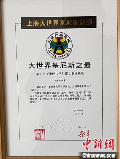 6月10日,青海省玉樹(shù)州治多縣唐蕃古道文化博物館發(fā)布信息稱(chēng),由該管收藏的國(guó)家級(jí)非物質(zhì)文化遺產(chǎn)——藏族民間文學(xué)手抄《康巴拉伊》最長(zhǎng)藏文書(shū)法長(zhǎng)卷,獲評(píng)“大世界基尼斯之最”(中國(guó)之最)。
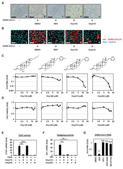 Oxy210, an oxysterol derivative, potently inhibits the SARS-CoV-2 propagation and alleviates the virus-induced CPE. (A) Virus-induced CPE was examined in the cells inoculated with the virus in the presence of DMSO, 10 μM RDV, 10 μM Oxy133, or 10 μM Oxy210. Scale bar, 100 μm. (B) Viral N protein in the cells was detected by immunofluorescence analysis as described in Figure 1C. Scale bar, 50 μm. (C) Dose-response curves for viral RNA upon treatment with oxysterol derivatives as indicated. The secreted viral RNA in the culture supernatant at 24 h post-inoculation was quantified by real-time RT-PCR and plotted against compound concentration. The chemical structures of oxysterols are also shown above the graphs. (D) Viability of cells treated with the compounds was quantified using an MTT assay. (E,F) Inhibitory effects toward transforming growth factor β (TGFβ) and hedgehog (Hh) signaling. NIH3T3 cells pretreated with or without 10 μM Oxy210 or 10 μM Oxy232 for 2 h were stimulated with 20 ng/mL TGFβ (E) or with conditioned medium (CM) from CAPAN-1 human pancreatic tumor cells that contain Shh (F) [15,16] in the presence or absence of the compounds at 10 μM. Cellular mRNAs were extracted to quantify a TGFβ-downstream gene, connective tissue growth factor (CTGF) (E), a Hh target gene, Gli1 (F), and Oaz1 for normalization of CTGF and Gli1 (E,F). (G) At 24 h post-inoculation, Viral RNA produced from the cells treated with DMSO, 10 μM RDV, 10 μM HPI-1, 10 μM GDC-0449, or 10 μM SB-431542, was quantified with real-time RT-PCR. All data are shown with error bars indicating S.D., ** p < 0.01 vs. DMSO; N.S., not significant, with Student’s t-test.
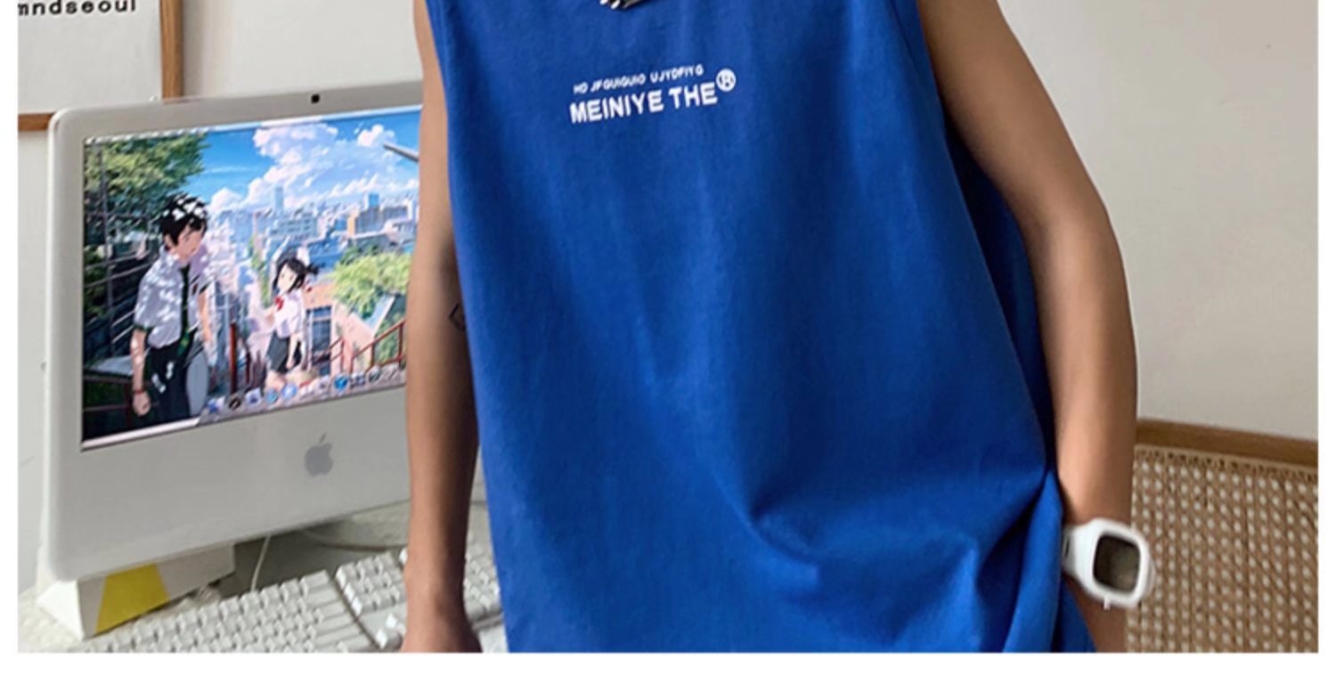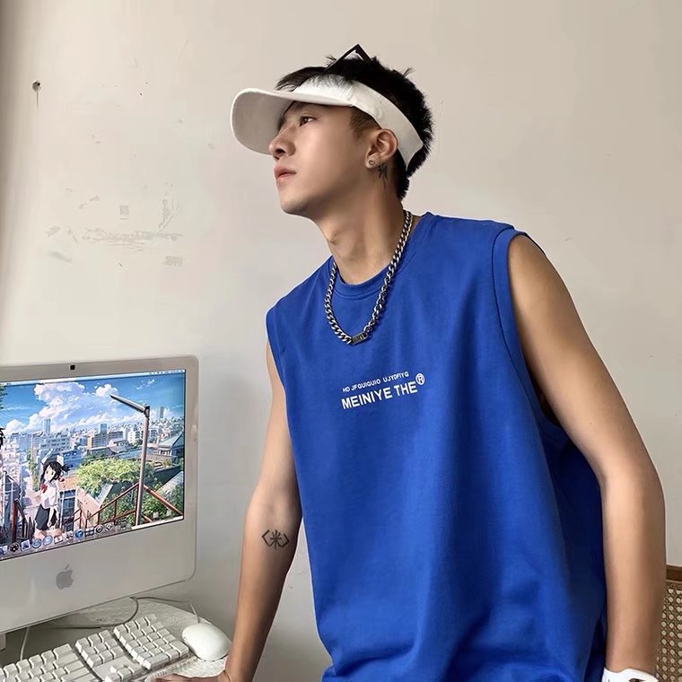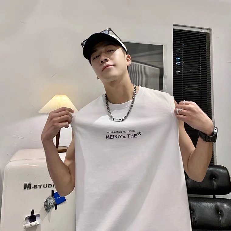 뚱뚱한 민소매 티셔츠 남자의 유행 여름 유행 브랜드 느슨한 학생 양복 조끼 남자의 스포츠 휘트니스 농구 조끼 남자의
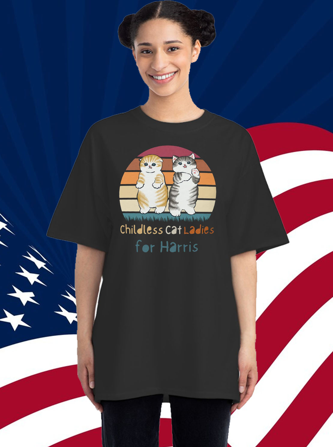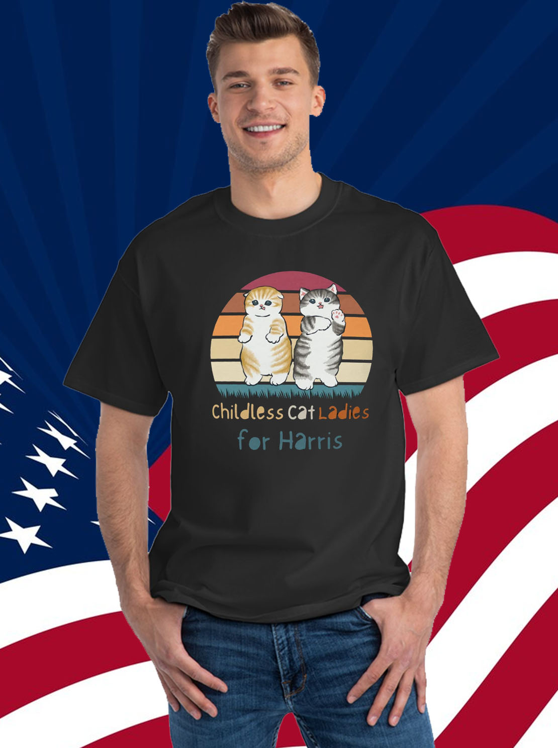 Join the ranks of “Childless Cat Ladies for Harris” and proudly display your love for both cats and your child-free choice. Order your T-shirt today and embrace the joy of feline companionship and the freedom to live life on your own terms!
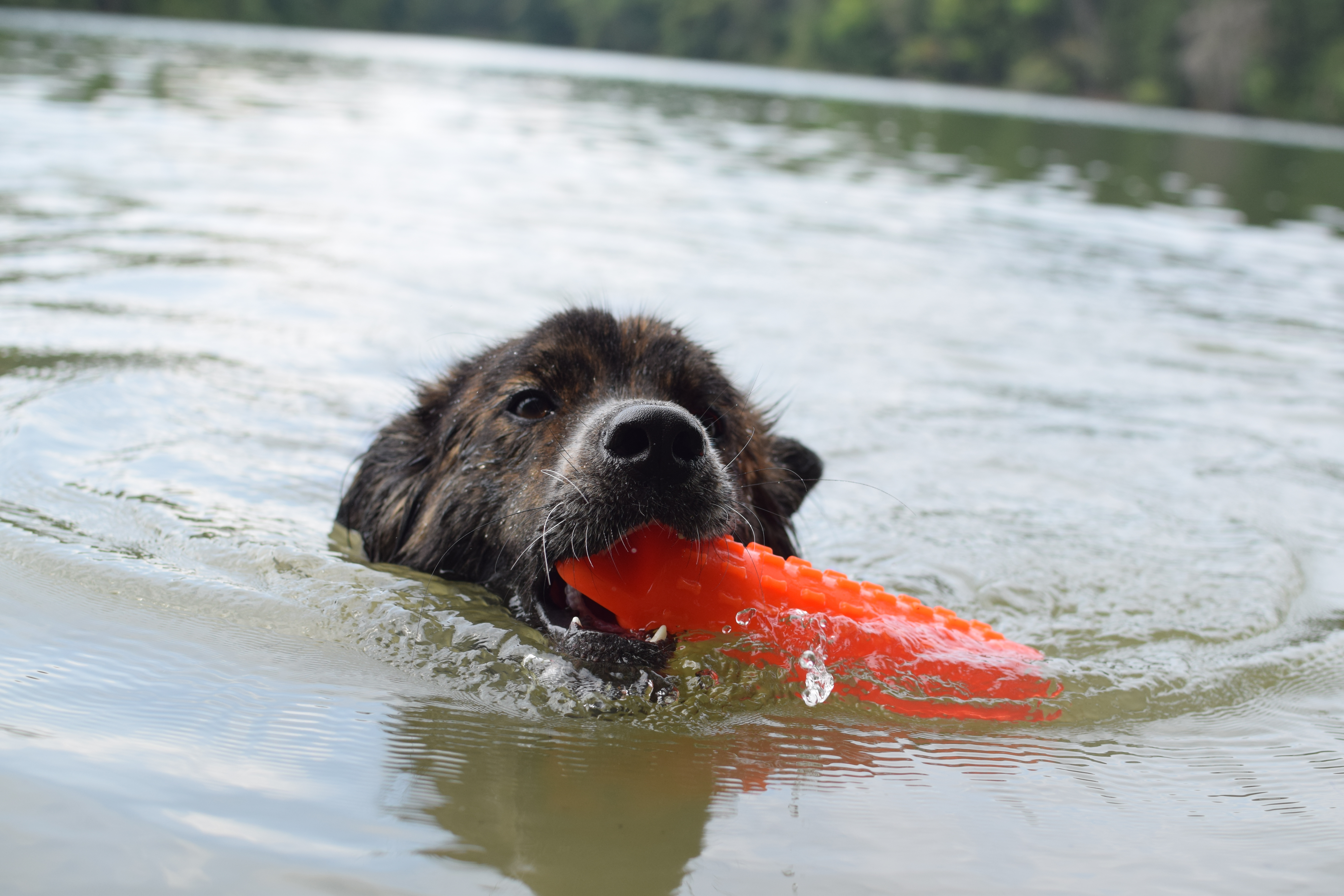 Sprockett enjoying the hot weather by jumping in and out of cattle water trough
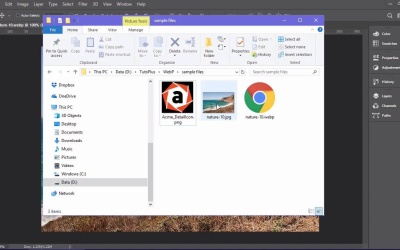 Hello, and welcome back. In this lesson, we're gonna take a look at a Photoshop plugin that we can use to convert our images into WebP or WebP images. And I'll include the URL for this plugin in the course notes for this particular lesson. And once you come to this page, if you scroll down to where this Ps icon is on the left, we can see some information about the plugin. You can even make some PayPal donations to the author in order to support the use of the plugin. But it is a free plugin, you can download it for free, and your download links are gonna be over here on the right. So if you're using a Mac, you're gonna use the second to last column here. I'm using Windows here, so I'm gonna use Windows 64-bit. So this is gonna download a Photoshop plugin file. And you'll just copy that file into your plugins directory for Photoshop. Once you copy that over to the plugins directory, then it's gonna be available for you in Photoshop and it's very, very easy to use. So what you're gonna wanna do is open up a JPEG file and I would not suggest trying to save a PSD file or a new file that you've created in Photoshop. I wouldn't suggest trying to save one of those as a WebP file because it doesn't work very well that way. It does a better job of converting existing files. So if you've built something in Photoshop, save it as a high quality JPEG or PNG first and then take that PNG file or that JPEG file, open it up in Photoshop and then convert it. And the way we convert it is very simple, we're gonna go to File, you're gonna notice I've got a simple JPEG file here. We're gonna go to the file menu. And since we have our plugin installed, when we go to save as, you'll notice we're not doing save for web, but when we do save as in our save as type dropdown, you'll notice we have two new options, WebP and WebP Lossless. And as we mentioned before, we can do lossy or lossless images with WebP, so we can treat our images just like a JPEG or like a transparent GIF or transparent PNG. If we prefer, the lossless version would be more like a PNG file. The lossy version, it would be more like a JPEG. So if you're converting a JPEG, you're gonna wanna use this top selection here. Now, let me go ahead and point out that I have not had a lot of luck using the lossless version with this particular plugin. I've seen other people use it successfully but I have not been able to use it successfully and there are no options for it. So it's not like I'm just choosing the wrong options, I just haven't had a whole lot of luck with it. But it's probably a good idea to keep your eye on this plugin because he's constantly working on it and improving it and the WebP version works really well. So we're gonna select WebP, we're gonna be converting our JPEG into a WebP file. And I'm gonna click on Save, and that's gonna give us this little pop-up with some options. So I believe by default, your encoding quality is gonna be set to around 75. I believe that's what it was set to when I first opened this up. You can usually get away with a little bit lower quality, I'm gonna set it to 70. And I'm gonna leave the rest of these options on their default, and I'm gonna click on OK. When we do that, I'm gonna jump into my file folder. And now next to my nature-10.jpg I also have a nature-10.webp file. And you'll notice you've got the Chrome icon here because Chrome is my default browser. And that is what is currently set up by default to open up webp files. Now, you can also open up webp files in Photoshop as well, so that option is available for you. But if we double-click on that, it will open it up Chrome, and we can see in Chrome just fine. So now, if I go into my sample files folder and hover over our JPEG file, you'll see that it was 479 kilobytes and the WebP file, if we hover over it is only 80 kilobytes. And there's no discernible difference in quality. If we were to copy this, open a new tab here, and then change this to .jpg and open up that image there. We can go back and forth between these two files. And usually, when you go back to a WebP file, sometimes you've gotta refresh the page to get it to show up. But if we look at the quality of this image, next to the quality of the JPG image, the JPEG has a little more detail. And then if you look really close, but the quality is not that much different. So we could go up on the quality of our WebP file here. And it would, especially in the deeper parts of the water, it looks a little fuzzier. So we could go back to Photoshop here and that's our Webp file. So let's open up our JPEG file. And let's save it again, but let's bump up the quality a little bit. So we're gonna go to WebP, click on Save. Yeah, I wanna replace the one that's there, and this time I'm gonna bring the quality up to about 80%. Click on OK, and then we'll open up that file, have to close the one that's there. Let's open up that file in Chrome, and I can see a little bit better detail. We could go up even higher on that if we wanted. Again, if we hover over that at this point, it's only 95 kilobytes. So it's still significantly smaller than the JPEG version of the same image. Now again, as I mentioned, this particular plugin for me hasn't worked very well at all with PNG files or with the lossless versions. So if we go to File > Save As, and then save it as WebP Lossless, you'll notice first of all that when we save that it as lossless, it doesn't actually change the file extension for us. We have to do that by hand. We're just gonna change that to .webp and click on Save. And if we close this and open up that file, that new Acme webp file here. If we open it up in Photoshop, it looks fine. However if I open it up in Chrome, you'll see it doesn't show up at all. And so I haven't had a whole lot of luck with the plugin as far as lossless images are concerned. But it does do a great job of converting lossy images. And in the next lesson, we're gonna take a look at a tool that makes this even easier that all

+ + + + +

**ASSIGNMENT**. Write the data out again exactly, but without its images.

**EXERCISE RESULT**.
 6月10日,青海省玉樹(shù)州治多縣唐蕃古道文化博物館發(fā)布信息稱(chēng),由該管收藏的國(guó)家級(jí)非物質(zhì)文化遺產(chǎn)——藏族民間文學(xué)手抄《康巴拉伊》最長(zhǎng)藏文書(shū)法長(zhǎng)卷,獲評(píng)“大世界基尼斯之最”(中國(guó)之最)。
 Oxy210, an oxysterol derivative, potently inhibits the SARS-CoV-2 propagation and alleviates the virus-induced CPE. (A) Virus-induced CPE was examined in the cells inoculated with the virus in the presence of DMSO, 10 μM RDV, 10 μM Oxy133, or 10 μM Oxy210. Scale bar, 100 μm. (B) Viral N protein in the cells was detected by immunofluorescence analysis as described in Figure 1C. Scale bar, 50 μm. (C) Dose-response curves for viral RNA upon treatment with oxysterol derivatives as indicated. The secreted viral RNA in the culture supernatant at 24 h post-inoculation was quantified by real-time RT-PCR and plotted against compound concentration. The chemical structures of oxysterols are also shown above the graphs. (D) Viability of cells treated with the compounds was quantified using an MTT assay. (E,F) Inhibitory effects toward transforming growth factor β (TGFβ) and hedgehog (Hh) signaling. NIH3T3 cells pretreated with or without 10 μM Oxy210 or 10 μM Oxy232 for 2 h were stimulated with 20 ng/mL TGFβ (E) or with conditioned medium (CM) from CAPAN-1 human pancreatic tumor cells that contain Shh (F) [15,16] in the presence or absence of the compounds at 10 μM. Cellular mRNAs were extracted to quantify a TGFβ-downstream gene, connective tissue growth factor (CTGF) (E), a Hh target gene, Gli1 (F), and Oaz1 for normalization of CTGF and Gli1 (E,F). (G) At 24 h post-inoculation, Viral RNA produced from the cells treated with DMSO, 10 μM RDV, 10 μM HPI-1, 10 μM GDC-0449, or 10 μM SB-431542, was quantified with real-time RT-PCR. All data are shown with error bars indicating S.D., ** p < 0.01 vs. DMSO; N.S., not significant, with Student’s t-test.
 뚱뚱한 민소매 티셔츠 남자의 유행 여름 유행 브랜드 느슨한 학생 양복 조끼 남자의 스포츠 휘트니스 농구 조끼 남자의
 Join the ranks of “Childless Cat Ladies for Harris” and proudly display your love for both cats and your child-free choice. Order your T-shirt today and embrace the joy of feline companionship and the freedom to live life on your own terms!
 Sprockett enjoying the hot weather by jumping in and out of cattle water trough
 Hello, and welcome back. In this lesson, we're gonna take a look at a Photoshop plugin that we can use to convert our images into WebP or WebP images. And I'll include the URL for this plugin in the course notes for this particular lesson. And once you come to this page, if you scroll down to where this Ps icon is on the left, we can see some information about the plugin. You can even make some PayPal donations to the author in order to support the use of the plugin. But it is a free plugin, you can download it for free, and your download links are gonna be over here on the right. So if you're using a Mac, you're gonna use the second to last column here. I'm using Windows here, so I'm gonna use Windows 64-bit. So this is gonna download a Photoshop plugin file. And you'll just copy that file into your plugins directory for Photoshop. Once you copy that over to the plugins directory, then it's gonna be available for you in Photoshop and it's very, very easy to use. So what you're gonna wanna do is open up a JPEG file and I would not suggest trying to save a PSD file or a new file that you've created in Photoshop. I wouldn't suggest trying to save one of those as a WebP file because it doesn't work very well that way. It does a better job of converting existing files. So if you've built something in Photoshop, save it as a high quality JPEG or PNG first and then take that PNG file or that JPEG file, open it up in Photoshop and then convert it. And the way we convert it is very simple, we're gonna go to File, you're gonna notice I've got a simple JPEG file here. We're gonna go to the file menu. And since we have our plugin installed, when we go to save as, you'll notice we're not doing save for web, but when we do save as in our save as type dropdown, you'll notice we have two new options, WebP and WebP Lossless. And as we mentioned before, we can do lossy or lossless images with WebP, so we can treat our images just like a JPEG or like a transparent GIF or transparent PNG. If we prefer, the lossless version would be more like a PNG file. The lossy version, it would be more like a JPEG. So if you're converting a JPEG, you're gonna wanna use this top selection here. Now, let me go ahead and point out that I have not had a lot of luck using the lossless version with this particular plugin. I've seen other people use it successfully but I have not been able to use it successfully and there are no options for it. So it's not like I'm just choosing the wrong options, I just haven't had a whole lot of luck with it. But it's probably a good idea to keep your eye on this plugin because he's constantly working on it and improving it and the WebP version works really well. So we're gonna select WebP, we're gonna be converting our JPEG into a WebP file. And I'm gonna click on Save, and that's gonna give us this little pop-up with some options. So I believe by default, your encoding quality is gonna be set to around 75. I believe that's what it was set to when I first opened this up. You can usually get away with a little bit lower quality, I'm gonna set it to 70. And I'm gonna leave the rest of these options on their default, and I'm gonna click on OK. When we do that, I'm gonna jump into my file folder. And now next to my nature-10.jpg I also have a nature-10.webp file. And you'll notice you've got the Chrome icon here because Chrome is my default browser. And that is what is currently set up by default to open up webp files. Now, you can also open up webp files in Photoshop as well, so that option is available for you. But if we double-click on that, it will open it up Chrome, and we can see in Chrome just fine. So now, if I go into my sample files folder and hover over our JPEG file, you'll see that it was 479 kilobytes and the WebP file, if we hover over it is only 80 kilobytes. And there's no discernible difference in quality. If we were to copy this, open a new tab here, and then change this to .jpg and open up that image there. We can go back and forth between these two files. And usually, when you go back to a WebP file, sometimes you've gotta refresh the page to get it to show up. But if we look at the quality of this image, next to the quality of the JPG image, the JPEG has a little more detail. And then if you look really close, but the quality is not that much different. So we could go up on the quality of our WebP file here. And it would, especially in the deeper parts of the water, it looks a little fuzzier. So we could go back to Photoshop here and that's our Webp file. So let's open up our JPEG file. And let's save it again, but let's bump up the quality a little bit. So we're gonna go to WebP, click on Save. Yeah, I wanna replace the one that's there, and this time I'm gonna bring the quality up to about 80%. Click on OK, and then we'll open up that file, have to close the one that's there. Let's open up that file in Chrome, and I can see a little bit better detail. We could go up even higher on that if we wanted. Again, if we hover over that at this point, it's only 95 kilobytes. So it's still significantly smaller than the JPEG version of the same image. Now again, as I mentioned, this particular plugin for me hasn't worked very well at all with PNG files or with the lossless versions. So if we go to File > Save As, and then save it as WebP Lossless, you'll notice first of all that when we save that it as lossless, it doesn't actually change the file extension for us. We have to do that by hand. We're just gonna change that to .webp and click on Save. And if we close this and open up that file, that new Acme webp file here. If we open it up in Photoshop, it looks fine. However if I open it up in Chrome, you'll see it doesn't show up at all. And so I haven't had a whole lot of luck with the plugin as far as lossless images are concerned. But it does do a great job of converting lossy images. And in the next lesson, we're gonna take a look at a tool that makes this even easier that all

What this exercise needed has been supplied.